The Panda Project: Bio-acoustic Deep-Learning based Panda Activity Tracking (Kleinberger et al.,  2020)

Augmented incubator to maintain vocal interaction between bird parents and egg during artificial incubation (Kleinberger et al.,  2021)

Soundyssey: Hybrid Enrichment System for Elephants in Managed Care (Yating et al.,  2021)

Track 3: AI for Augmenting Zoo Keepers

How might we empower zoo keepers with AI companions that handle routine tasks, enabling them to focus on what matters most – building meaningful relationships with animals and providing exceptional care?

Behind every happy hippo like Moodeng is a dedicated team of zoo keepers who pour their hearts into providing the best possible care. These amazing individuals often juggle countless tasks – from careful health monitoring to detailed record-keeping – while trying to spend quality time understanding and bonding with their animal companions. Zoos around the world often also don’t have the resources to store, compute, and automate insights from video footage. 

This track challenges participants to create thoughtful AI solutions that lift the administrative burden from our zoo keepers’ shoulders and enable them to do even better. Participants must design solutions that understand the delicate balance of a zoo keeper’s responsibilities. These systems should go beyond simple automation to create intelligent workflows that adapt to each keeper’s unique routine and each animal’s specific needs. The solutions should enhance the keeper’s ability to make informed decisions about animal care while streamlining the sharing of critical information across care teams. This might include automated behavior logging during enrichment activities, smart alerts for subtle changes in patterns, and efficient ways to share insights across the care team. The solution should also consider how to thoughtfully integrate community contributions, allowing keepers to leverage public engagement while maintaining professional standards of care. 

 Here are some possible pathways: 

1. The Keeper’s Companion – This pathway focuses on creating an intuitive AI assistant that works alongside keepers throughout their day. The system should understand the natural flow of keeper activities, automatically documenting observations while allowing keepers to stay fully present with their animals. 

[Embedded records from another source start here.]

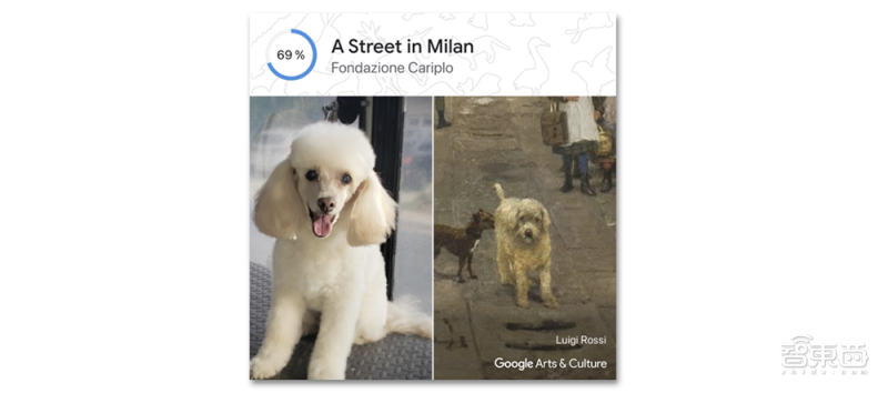 谷歌最新推出的“宠物肖像”功能,依靠算法识别照片,并对照片内容作出分析,从其数据库中寻找相似的艺术作品。
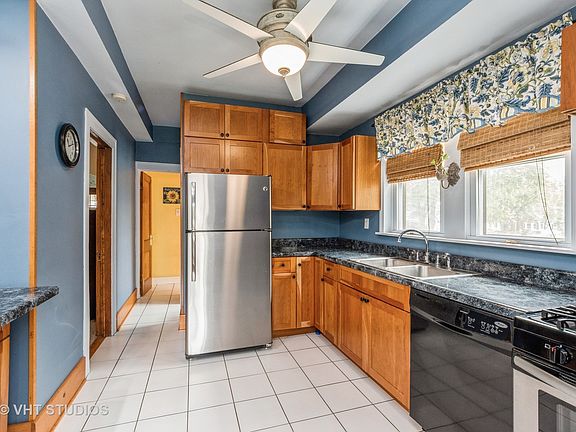 Vintage charm abounds in this charming Homewood home. Current owners have lovingly maintained this three bedroom property on a corner lot with cedar fenced yard. Kitchen has a breakfast bar, Cherrywood cabinets(2015) and stainless stove and refrigerator (2019). Living room with stone hearth wood burning fireplace, custom fireplace doors, built-in shelves and original french doors. Hardwood is under all the carpeting. Home has two porches. Front porch swing will stay, new porch windows, storm door and front steps(2022). Front red door is original to the house built in 1924. New tear off Roof and asphalt driveway(2022) with plenty of space on driveway to make a three point turn. New windows throughout(2017). Lenox Boiler (2010), Hot Water Heater (2013). Garage door is being sold as-is. Garage workbench will stay. This home is conveniently located close to everything Home Sweet Homewood has to offer. You are near downtown Homewood, Metra train transportation, PACE bus service, Interstate Highways 57, 294 and 80. Enjoy Homewood Parks and Recreation, schools, restaurants and shopping.
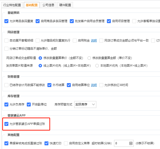 2. APP保存单据时,根据此配置结合单据是否满足过账条件,满足条件的直接完成单据过账,否则保存为草稿
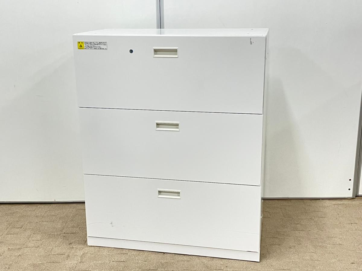 【日焼けありのため特価★】ウチダ(UCHIDA) BEストレージ 3段ラテラル書庫 ローキャビネット オフホワイト シリンダー錠 引き出し 収納 福岡 博多 天神 九州最大級
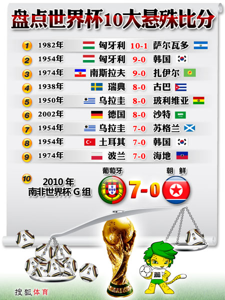 中廣網(wǎng)北京6月22日消息 北京時(shí)間6月21日,2010年南非世界杯G組將進(jìn)入第二輪爭(zhēng)奪。在開普敦綠點(diǎn)球場(chǎng),葡萄牙隊(duì)與朝鮮隊(duì)交鋒。經(jīng)過(guò)90分鐘鏖戰(zhàn),葡萄牙7-0狂勝朝鮮隊(duì),取得本屆世界杯開賽以來(lái)最大比分勝利。但這并不是世界杯上比分最懸殊的比賽,以上就是歷屆世界杯比賽分?jǐn)?shù)比較懸殊的盤點(diǎn)。
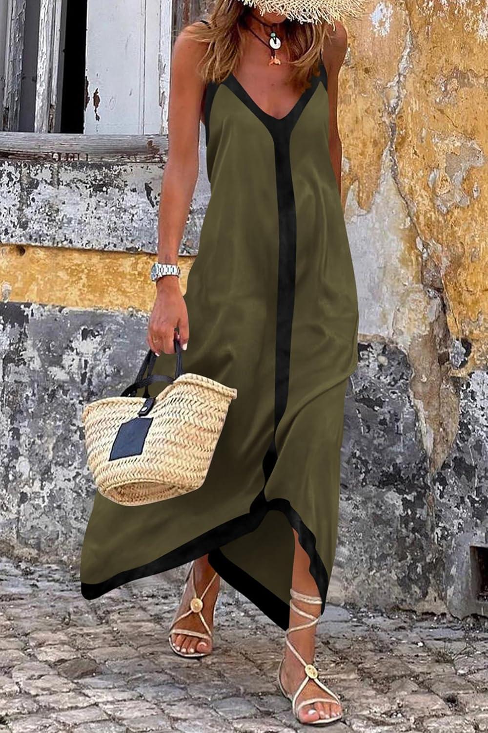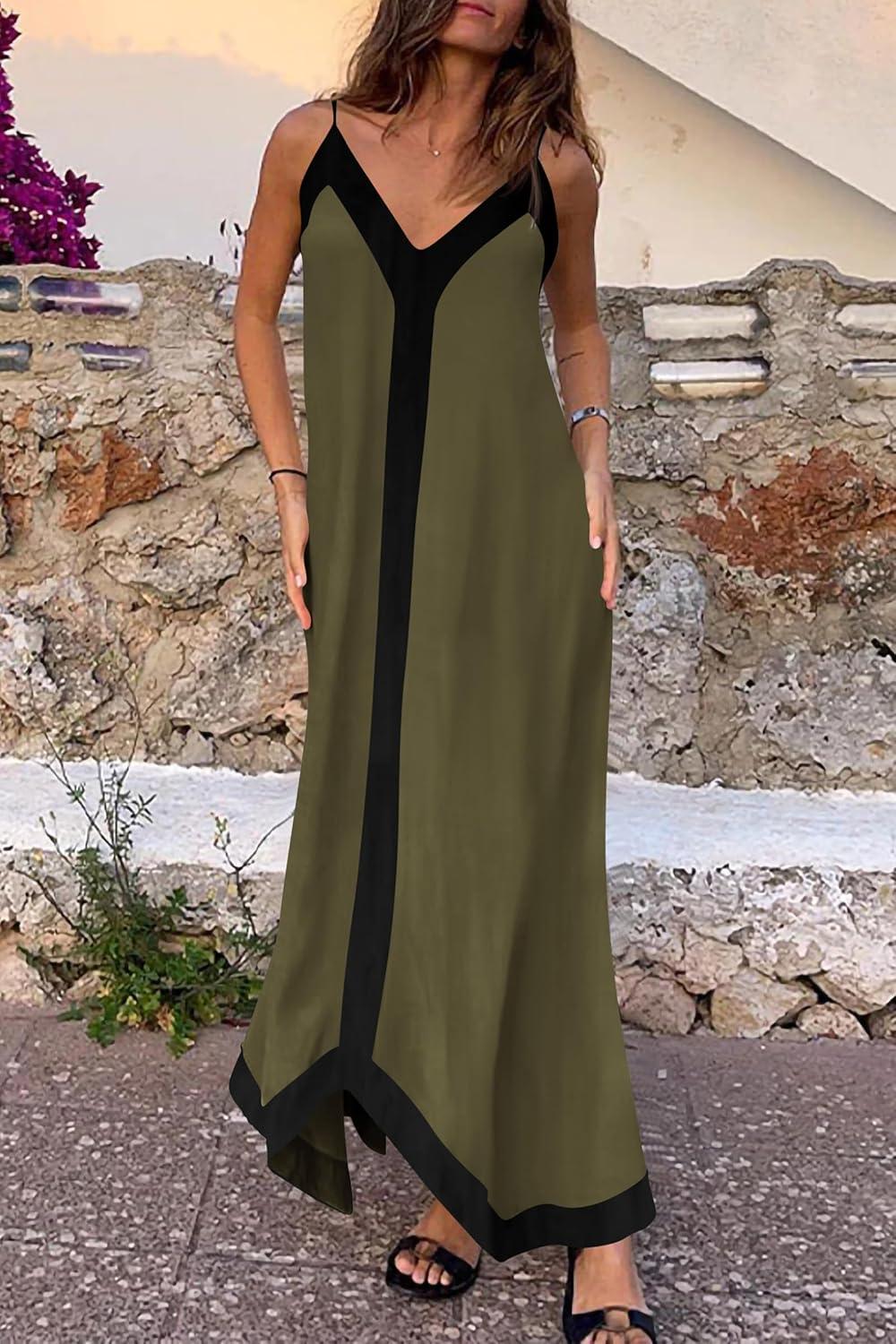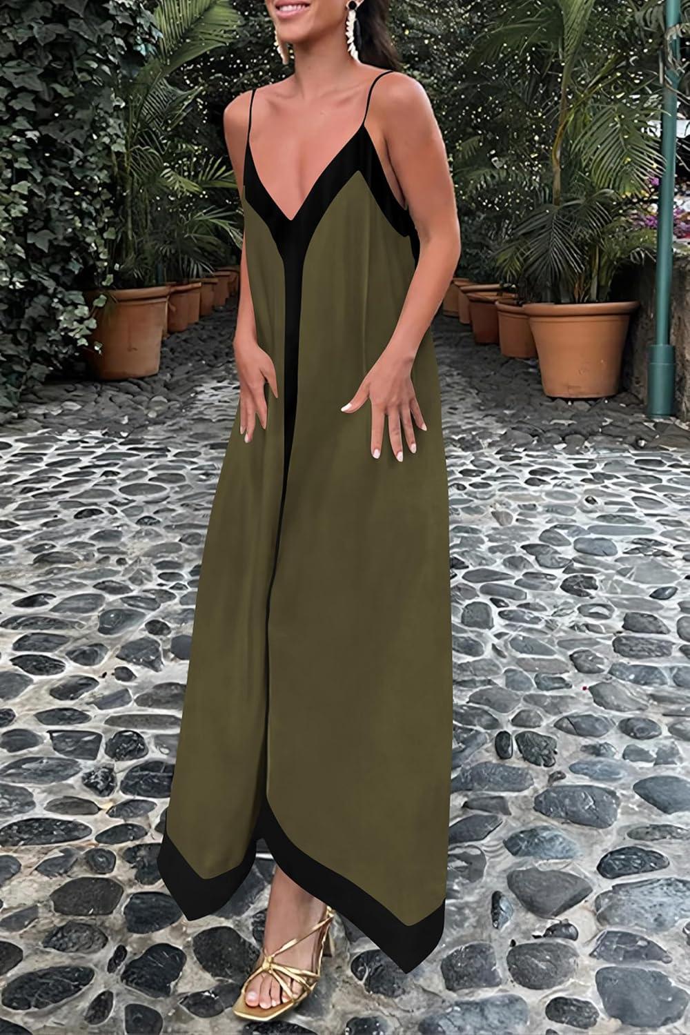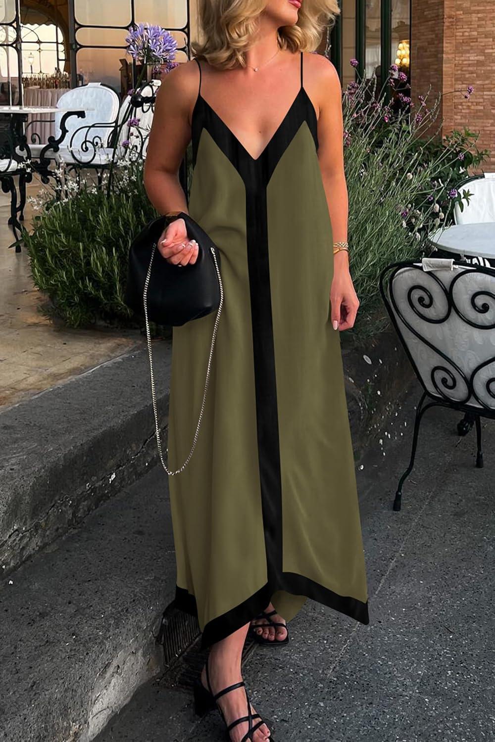 PRETTYGARDEN Women's 2025 Summer Maxi Dress Sleeveless V Neck Spaghetti Strap Flowy Elegant Holiday Party Dresses(Army Green)
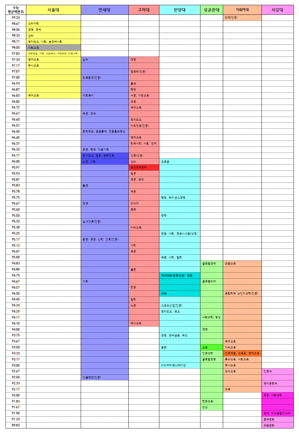 2021 정시 대교협발표 주요 7개대학 최종등록자 70%-cut 평균백분위 기준 학과순위(인문) 작성자키미투|작성시간21.07.06|조회수2,908 목록 댓글 2 글자크기 작게가 글자크기 크게가 * 진한 색깔은 중위 학과 다음검색 현재 게시글 추가 기능 열기 북마크 공유하기 신고 센터로 신고 댓글 댓글 2 댓글쓰기 답글쓰기 댓글 리스트 작성자고4A | 작성시간 21.07.06 연대 심리 뭐냐 작성자추트레인성훈추 | 작성시간 21.07.07 이걸 누가믿누 댓글 전체보기
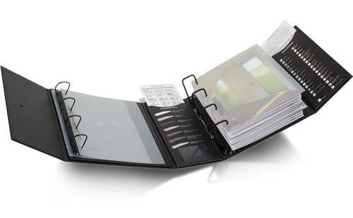 Папка може бути використана як обкладинка каталогу з роз’ємними металевими кільцями, на яких кріпиться друкована продукція. Роз’ємні кільця дозволяють вилучити з каталогу аркуші з неактуальною інформацією та замінити новинками. Папка може бути використана як демонстраційний каталог із зразками продукції.
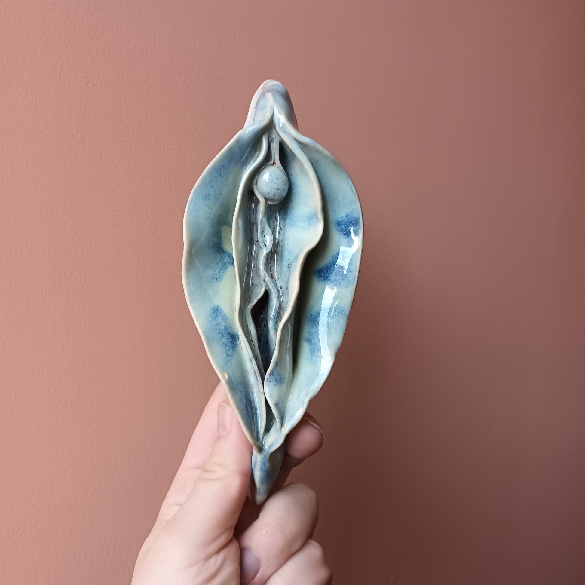 Væghængt kussepower. Hæng den på din billedvæg, eller på en væg der keder sig :) Håndmodelleret og malet af Martine Othilie.
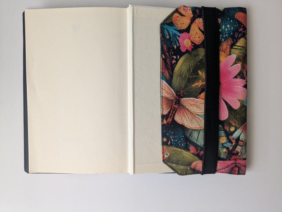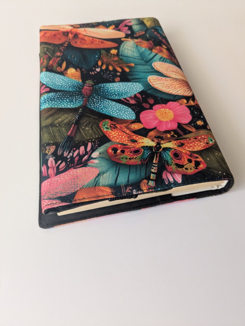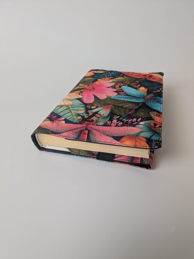 Całość wykonałam z tkaniny wodoodpornej, część zewnętrzna kolorowego printu w ważki, wnętrze natomiast z czarnej, gładkiej tkaniny. Praktyczna gumka może stanowić zakładkę ale pozwoli Ci również zamknąć książkę czy notatnik w środku i chronić zarówno strony jak i okładkę. Otulacz jest odpowiedni dla formatu A5.
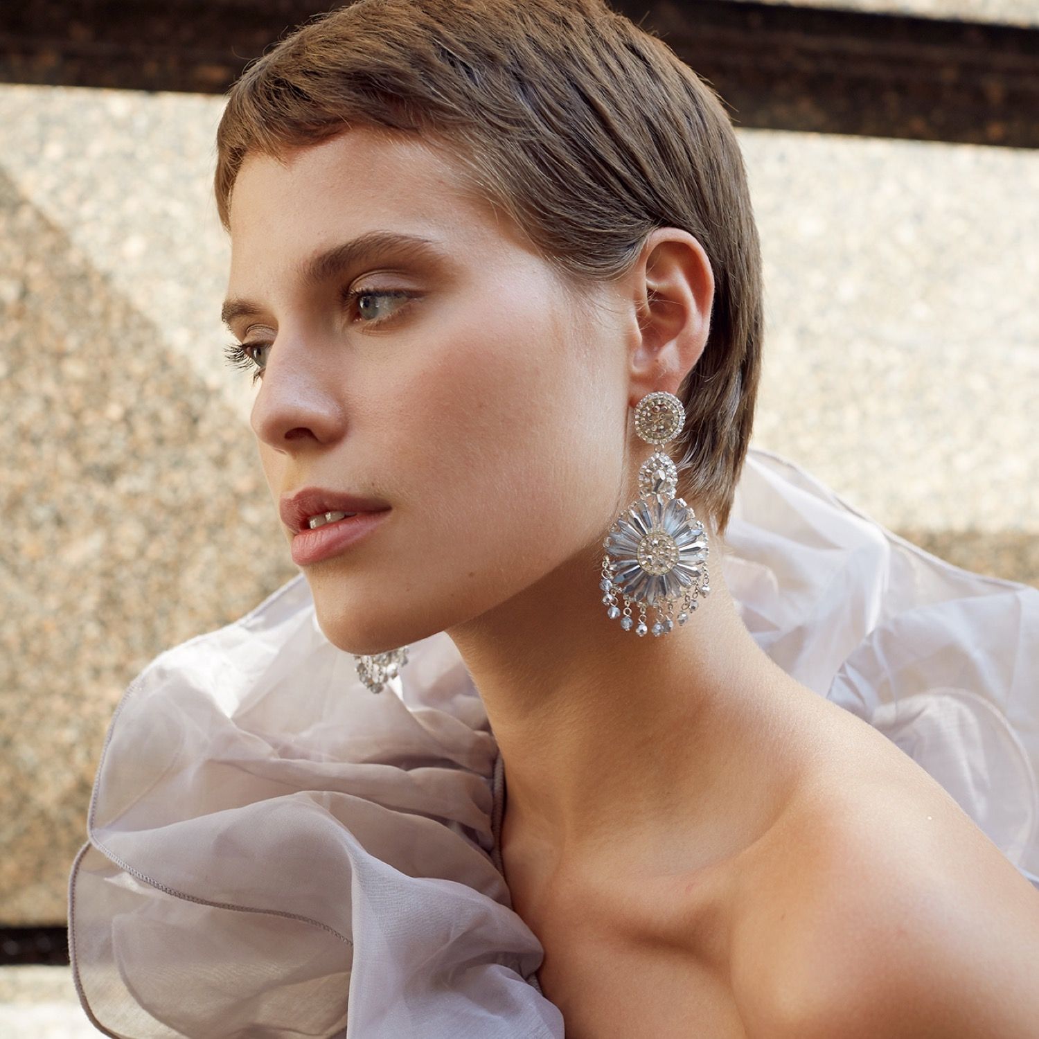 Einzigartige Eyecatcher Ohrringe, die mit ihren silbern funkelnden Steinen alle Blicke auf sich ziehen. Leichter Tragekomfort, Stecker aus Titan und damit höchste Verträglichkeit, Gesamtlänge ca. 8 cm.

2. Care & Connection Insights – This pathway emphasizes the development of intelligent systems that help keepers better understand and anticipate their animals’ needs. Solutions should surface meaningful patterns in behavioral and health data, enabling proactive care decisions that can be made with evidence and in a collaborative manner. 

3. Community of Care – There are plenty of CCTV footage but not enough eyes. This pathway explores how to thoughtfully integrate public participation into professional animal care. Solutions should create structured ways for the internet community to contribute positively while ensuring that all information passes through appropriate professional validation. 

Bonus Track: Sustainable AI Solutions

How might we design smaller, energy-efficient models that retain powerful capabilities? Can we create powerful AI tools that minimize environmental impact, proving that technological advancement and conservation can go hand in hand?

Participants in either Track 1, 2, or 3 are encouraged to incorporate sustainable AI practices into their solutions.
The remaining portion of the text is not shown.